Hier, un mois après son retour en kiosque, marqué par une énorme bourde en première page, le JDD, polarisé, affichait une politique et une promesse d'exclusivité qui venait relégitimer l'hebdomadaire. Gabriel Atal en bras de chemise, dans son bureau, le regard planté dans l'objectif du photographe et dans les colonnes du journal, les révélations des détails concernant la rentrée scolaire qu'il préparerait d'arrache-pied. Après sa collègue Sabrina Agresti-Broubach, proche de Macron, qui avait donné une interview au JDD version Bolloré le 8 août, cet exclu du nouveau ministre de l'Éducation avait beaucoup fait réagir hier dimanche.
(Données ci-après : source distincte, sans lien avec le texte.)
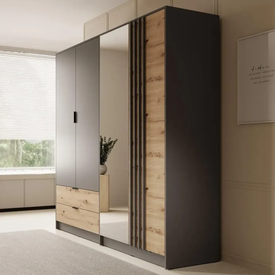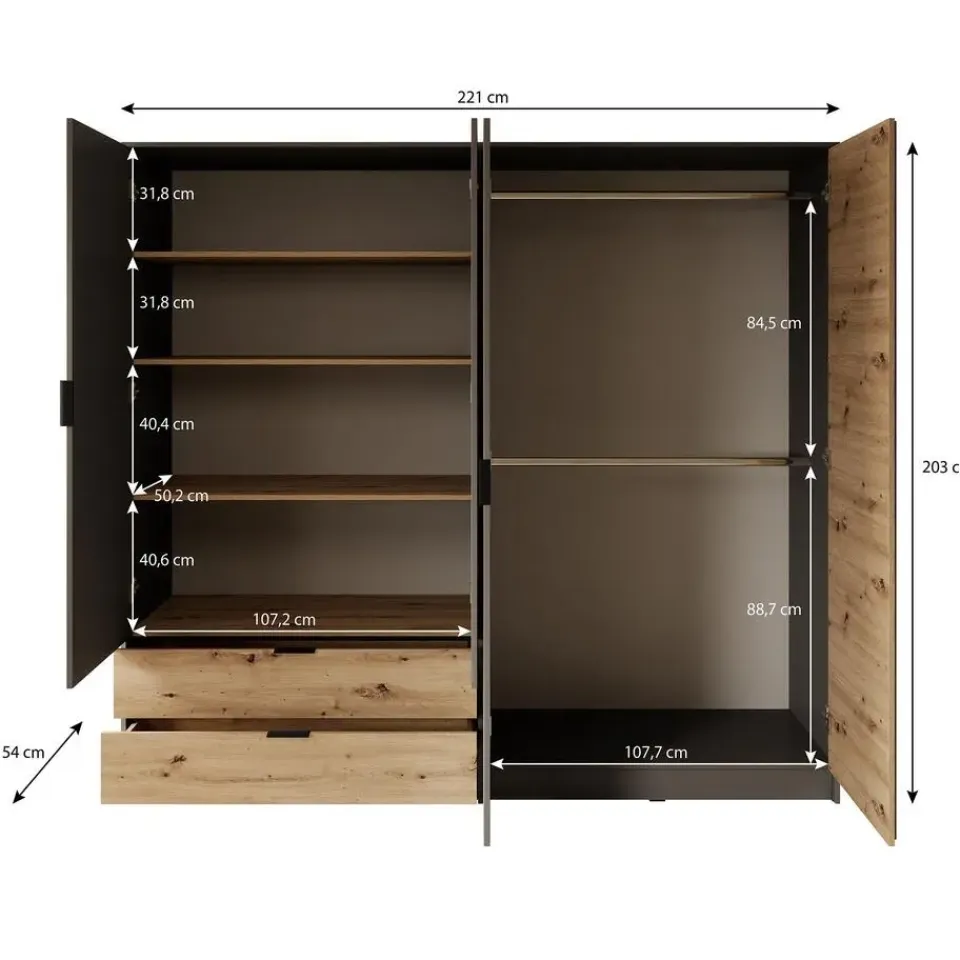 Kledingkast Roma is voorzien van 4 scharnierdeuren en 2 lades. De lades en deuren openen met zwarte handgrepen. Ook beschikt deze garderobekast over een spiegel. De binnenkant bestaat uit 4 opbergvakken en 2 kledingroedes. Het meubel wordt ongemonteerd geleverd. Je dient het dus met behulp van de bijgeleverde handleiding zelf in elkaar te zetten.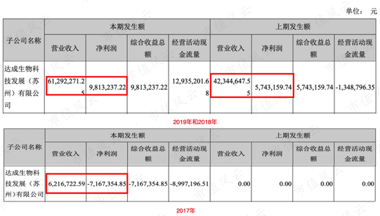 苏州达成曾承诺2017年-2019年累计营收不低于2亿,累计净利润不低于4300万,不过苏州达成实际完成的营收和净利润均远远不及预期。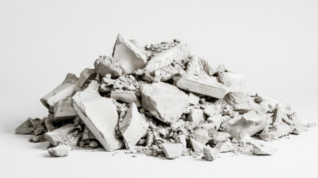 A captivating arrangement of broken plaster pieces displaying various shapes and textures, suitable for creative projects, design applications, or renovations emphasizing modern aesthetics.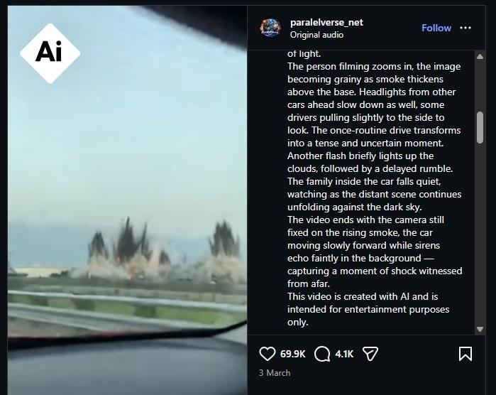 وباستخدام لقطات من النسخة الأوضح في البحث، يمكن العثور على الفيديو منشوراً بتاريخ 3 آذار/مارس على حساب في موقع إنستغرام، حيث أشار صاحبه إلى أنّه "مولّد باستخدام الذكاء الاصطناعي وهو مخصّص لأغراض ترفيهية فقط". (أرشيف)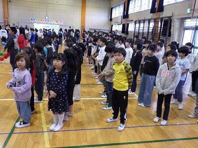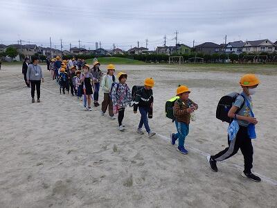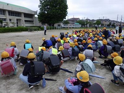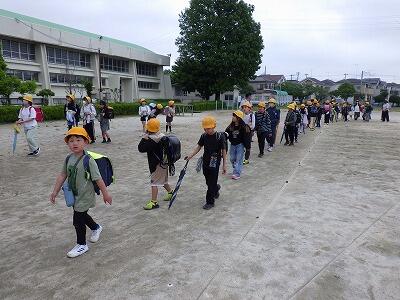 帰りの支度を済ませ、校庭へ移動します。

Sauf que Gabriel Atal n'a jamais rencontré le JDD, affirme aujourd'hui son cabinet à nos confrères de Libération. Le JDD a voulu faire un coup, Gabriel ne les a pas vus, on n'a parlé à aucun de leurs journalistes, ils font un papier à partir du discours qu'il a prononcé au recteur jeudi matin et qui a été envoyé à la presse. Quant à la photo, c'est une photo d'agence qu'ils ont achetée, affirme-t-il au quotidien de Centre-gauche. Le JDD a donc monté cette entrevue de toute pièce pour tromper son monde, violent au passage la déontologie du métier. De cela, Gabriel Atal et son entourage n'ont fait aucune communication officielle, s'accommodant de fait de ce faux papier.
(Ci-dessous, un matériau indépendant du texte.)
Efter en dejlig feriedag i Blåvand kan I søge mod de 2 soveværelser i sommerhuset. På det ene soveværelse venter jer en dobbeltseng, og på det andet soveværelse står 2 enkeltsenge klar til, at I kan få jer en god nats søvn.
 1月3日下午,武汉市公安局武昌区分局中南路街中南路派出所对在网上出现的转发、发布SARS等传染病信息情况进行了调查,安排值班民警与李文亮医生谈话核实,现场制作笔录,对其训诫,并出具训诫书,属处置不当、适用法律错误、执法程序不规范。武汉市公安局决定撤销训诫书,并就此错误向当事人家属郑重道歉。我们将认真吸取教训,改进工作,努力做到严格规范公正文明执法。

Libé précise que seul Sylvain Maillard, président des députés Renaissance, ex-LREM, a réagi dans une réponse sur Twitter. Un message discret qui n'a pas été énormément liké au moment où nous rédigeons ces lignes. Et voilà, c'est la fin de ce bulletin d'info, un format qui entre dans notre programmation d'été. En attendant la reprise de nos directs à la rentrée, nous continuons à vous proposer des reportages, des enquêtes, des entretiens, plateaux d'analyse ces débats, décryptages au quotidien. Comme nous l'avons déjà annoncé, le média va bel et bien débarquer sur le petit écran d'ici la fin octobre.